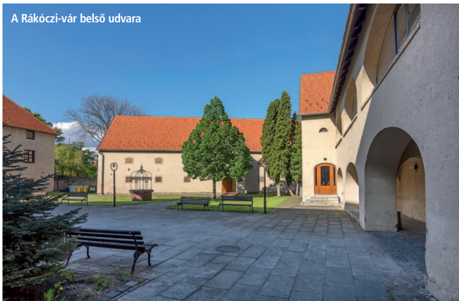
A Rákóczi-vár belső udvara
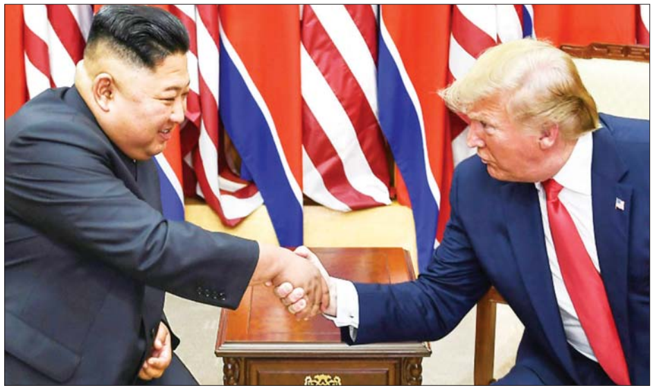
၂၀၁၉ ခုနှစ် ဇွန် ၃၀ ရက်က မြောက်ကိုရီးယားနှင့် တောင်ကိုရီးယားစစ်မဲ့စုန့်တွေ့ဆုံပွဲတွင် မြောက်ကိုရီးယား ခေါင်းဆောင် ကင်ဂျုံအန်းနှင့် အမေရိကန်သမ္မတဒေါ်နယ်ထရမ်တို့ကို တွေ့ရစဉ်။

နျူကလီးယားလက်နက်ပိုင်ဆိုင်သော မြောက် ကိုရီးယားနိုင်ငံသည် တနင်္ဂနွေနေ့က ခုံးကျည်ပစ်လွှတ်မှု အတွက် မည်သည့်ထုတ်ပြန်ချက်မျှ ထုတ်ပြန်ကြေညာ ခြင်းမရှိသေးကြောင်း သိရသည်။ အေအက်မ်ပီ
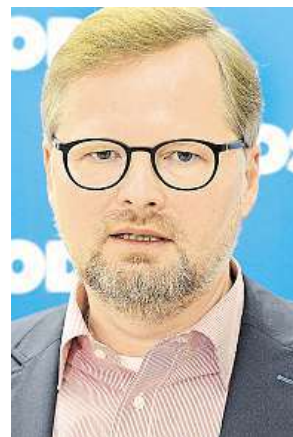
Petr Fiala z ODS

Předseda občanských demokratů Petr Fiala vyloučil jakoukoli formu spolupráce na vládě s hnutím ANO, a to i formou možné tolerance menšinové vlády. „My s hnutím ANO o vládě vyjednávat nebudeme, a když říkám, že nebudeme, tak ani o žádné podobné formě podpory,“ řekl pro iDNES.cz předseda občanských demokratů Petr Fiala. „Nejde jen o programové rozdíly a myslím, že to všichni dobře víte. ODS zveřejnila Vyšehradskou deklaraci, ve které je dvanáct bodů, které jsou nepodkročitelnou podmínkou pro vstup do vlády. Ale kromě toho jsme deklarovali naprosto jasně, s kým je pro nás z různých důvodů koalice a jednání o vládě nepřijatelné, ať už jsou to komunisté, extremisté, nebo hnutí ANO Andreje Babiše, to trvá, na to jsme dostali mandát od voličů,“ uvedl včera předseda občanských demokratů. To byla ještě před večerním vyjednáváním ANO a ODS pro Babiše špatná zpráva. Jen s ODS by Babiš měl dohromady dvoučlennou většinovou koalici. ANO má 78 poslanců, ODS 25. To by Babišovi vyhovovalo, protože chce ve vládě co nejméně stran. iDNES.cz
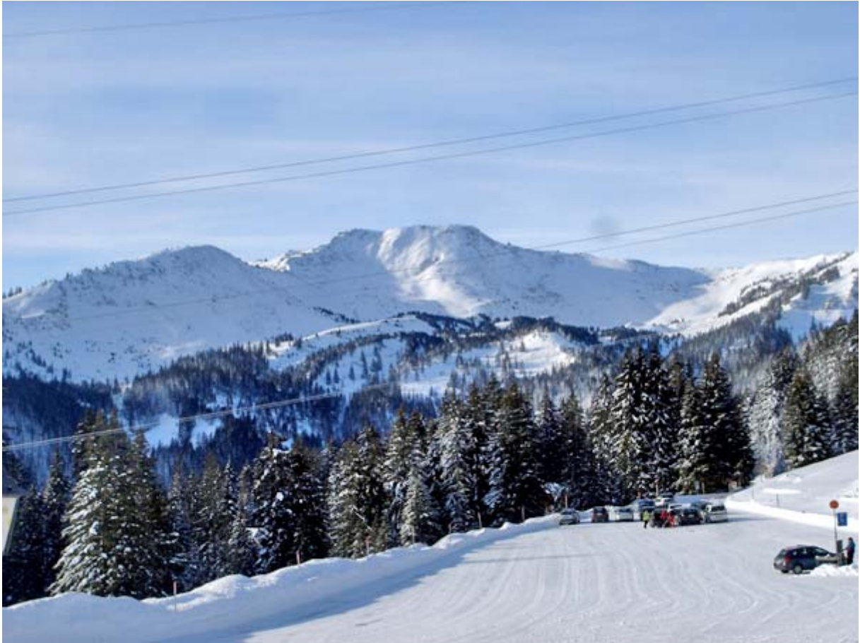
Blick in Richtung Miesenstock und Nollen

Kurz nach 11:00 Uhr starten wir unsere Tour:
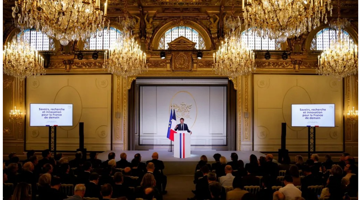
Emmanuel Macron a réuni, ce jeudi 7 décembre 2023, à l'Elysée, plus de 300 représentants du monde de l'enseignement supérieur et de la recherche.

Le président de la République a annoncé vouloir « d'ici à 18 mois d'ouvrir l'acte 2 de l'autonomie et d'aller vers la vraie autonomie avec des vrais contrats pluriannuels où on a une gouvernance qui est réformée », ainsi qu'une « différenciation assumée » entre les universités via des politiques de site. Concernant les organismes de recherche : « faisons des vraies agences de financement qui arrêtent de gérer directement les personnels ». Tout cela « à marche forcée ».
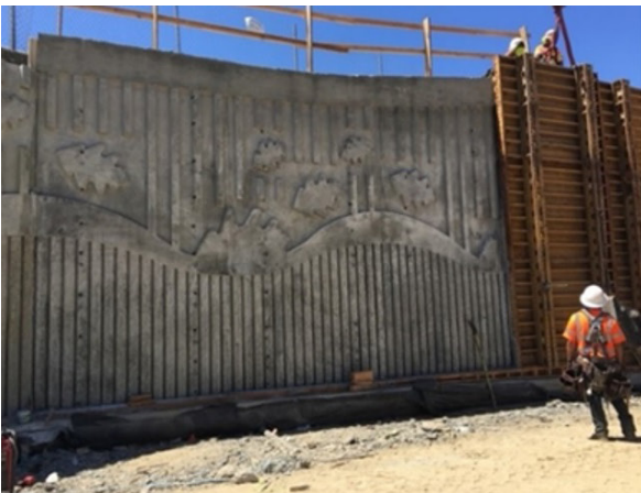
New retaining wall west of the northbound on-ramp toward US 101 off Blossom Hill Road.

Ampliación del paso a desnivel elevado de Blossom Hill Road sobre la US 101
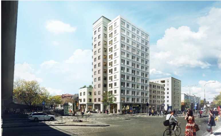
Vy från Bromstensvägen (Arkitema Arkitekter). Bilden illustrerar en möjlig utformning av kvarteret.

I den nybyggda delen av kvarteret möjliggör detaljplanen sammanlagt cirka 8200 kvm ljus BTA varav cirka 300 kvm lokaler för centrumändamål. Det nya halvslutna kvarteret bedöms sammanlagt kunna inrymma cirka 150 lägenheter samt sex LSS-lägenheter. Planen möjliggör även en bostadsgård om cirka 600 kvm och ett garage i en del av kvarterets bottenvåning innehållande 29 parkeringsplatser varav en handikapparkering. En mindre platsbildning vid korsningen Bromstensvägen/Värsta allé är planerad för att underlätta gångflöden förbi planområdet till och från pendeltågsstationen.
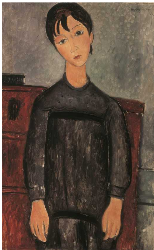
Девушка в фартуке. Амедео Модильяни. 1918 год

При жизни о таком успехе он не мог даже мечтать. Несмотря на выдающийся талант и удивительное, доходящее до иступления стремление достичь наилучшего результата, Моди почти всегда жил в нищете. Периодические всплески интереса к его живописи не приносили стабильного дохода. Единственное, в чем он уступал своему вечному сопернику Пикассо, - отсутствие коммерческой жилки. Отец кубизма умел эпатировать публику, привлекать к себе внимание. Он умел продавать свои картины.
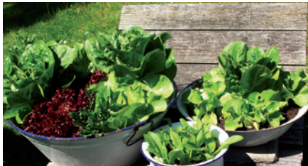
Mit Gemüse bepflanzte Emailleschüsseln und -töpfe lassen sich auf Schubkarren als „mobile Hochbeete“ einsetzen.

Großmutter's alte Teigschüsseln, wie man sie früher in jedem Haushalt vorfand, eignen sich besonders für den Salatbau. Die Salatköpfe wachsen hier wie die „Schwammerl“ und sind vor Schneckenfraß geschützt.
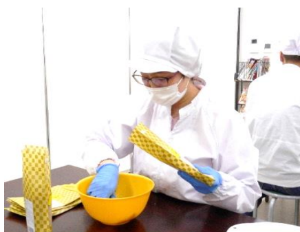
▲ラスクの袋詰め作業中

TASK DIRECTIONS: Your copy must reproduce the entries above in full, without their pictures.

EXPECTED ANSWER:
A Rákóczi-vár belső udvara
၂၀၁၉ ခုနှစ် ဇွန် ၃၀ ရက်က မြောက်ကိုရီးယားနှင့် တောင်ကိုရီးယားစစ်မဲ့စုန့်တွေ့ဆုံပွဲတွင် မြောက်ကိုရီးယား ခေါင်းဆောင် ကင်ဂျုံအန်းနှင့် အမေရိကန်သမ္မတဒေါ်နယ်ထရမ်တို့ကို တွေ့ရစဉ်။

နျူကလီးယားလက်နက်ပိုင်ဆိုင်သော မြောက် ကိုရီးယားနိုင်ငံသည် တနင်္ဂနွေနေ့က ခုံးကျည်ပစ်လွှတ်မှု အတွက် မည်သည့်ထုတ်ပြန်ချက်မျှ ထုတ်ပြန်ကြေညာ ခြင်းမရှိသေးကြောင်း သိရသည်။ အေအက်မ်ပီ
Petr Fiala z ODS

Předseda občanských demokratů Petr Fiala vyloučil jakoukoli formu spolupráce na vládě s hnutím ANO, a to i formou možné tolerance menšinové vlády. „My s hnutím ANO o vládě vyjednávat nebudeme, a když říkám, že nebudeme, tak ani o žádné podobné formě podpory,“ řekl pro iDNES.cz předseda občanských demokratů Petr Fiala. „Nejde jen o programové rozdíly a myslím, že to všichni dobře víte. ODS zveřejnila Vyšehradskou deklaraci, ve které je dvanáct bodů, které jsou nepodkročitelnou podmínkou pro vstup do vlády. Ale kromě toho jsme deklarovali naprosto jasně, s kým je pro nás z různých důvodů koalice a jednání o vládě nepřijatelné, ať už jsou to komunisté, extremisté, nebo hnutí ANO Andreje Babiše, to trvá, na to jsme dostali mandát od voličů,“ uvedl včera předseda občanských demokratů. To byla ještě před večerním vyjednáváním ANO a ODS pro Babiše špatná zpráva. Jen s ODS by Babiš měl dohromady dvoučlennou většinovou koalici. ANO má 78 poslanců, ODS 25. To by Babišovi vyhovovalo, protože chce ve vládě co nejméně stran. iDNES.cz
Blick in Richtung Miesenstock und Nollen

Kurz nach 11:00 Uhr starten wir unsere Tour:
Emmanuel Macron a réuni, ce jeudi 7 décembre 2023, à l'Elysée, plus de 300 représentants du monde de l'enseignement supérieur et de la recherche.

Le président de la République a annoncé vouloir « d'ici à 18 mois d'ouvrir l'acte 2 de l'autonomie et d'aller vers la vraie autonomie avec des vrais contrats pluriannuels où on a une gouvernance qui est réformée », ainsi qu'une « différenciation assumée » entre les universités via des politiques de site. Concernant les organismes de recherche : « faisons des vraies agences de financement qui arrêtent de gérer directement les personnels ». Tout cela « à marche forcée ».
New retaining wall west of the northbound on-ramp toward US 101 off Blossom Hill Road.

Ampliación del paso a desnivel elevado de Blossom Hill Road sobre la US 101
Vy från Bromstensvägen (Arkitema Arkitekter). Bilden illustrerar en möjlig utformning av kvarteret.

I den nybyggda delen av kvarteret möjliggör detaljplanen sammanlagt cirka 8200 kvm ljus BTA varav cirka 300 kvm lokaler för centrumändamål. Det nya halvslutna kvarteret bedöms sammanlagt kunna inrymma cirka 150 lägenheter samt sex LSS-lägenheter. Planen möjliggör även en bostadsgård om cirka 600 kvm och ett garage i en del av kvarterets bottenvåning innehållande 29 parkeringsplatser varav en handikapparkering. En mindre platsbildning vid korsningen Bromstensvägen/Värsta allé är planerad för att underlätta gångflöden förbi planområdet till och från pendeltågsstationen.
Девушка в фартуке. Амедео Модильяни. 1918 год

При жизни о таком успехе он не мог даже мечтать. Несмотря на выдающийся талант и удивительное, доходящее до иступления стремление достичь наилучшего результата, Моди почти всегда жил в нищете. Периодические всплески интереса к его живописи не приносили стабильного дохода. Единственное, в чем он уступал своему вечному сопернику Пикассо, - отсутствие коммерческой жилки. Отец кубизма умел эпатировать публику, привлекать к себе внимание. Он умел продавать свои картины.
Mit Gemüse bepflanzte Emailleschüsseln und -töpfe lassen sich auf Schubkarren als „mobile Hochbeete“ einsetzen.

Großmutter's alte Teigschüsseln, wie man sie früher in jedem Haushalt vorfand, eignen sich besonders für den Salatbau. Die Salatköpfe wachsen hier wie die „Schwammerl“ und sind vor Schneckenfraß geschützt.
▲ラスクの袋詰め作業中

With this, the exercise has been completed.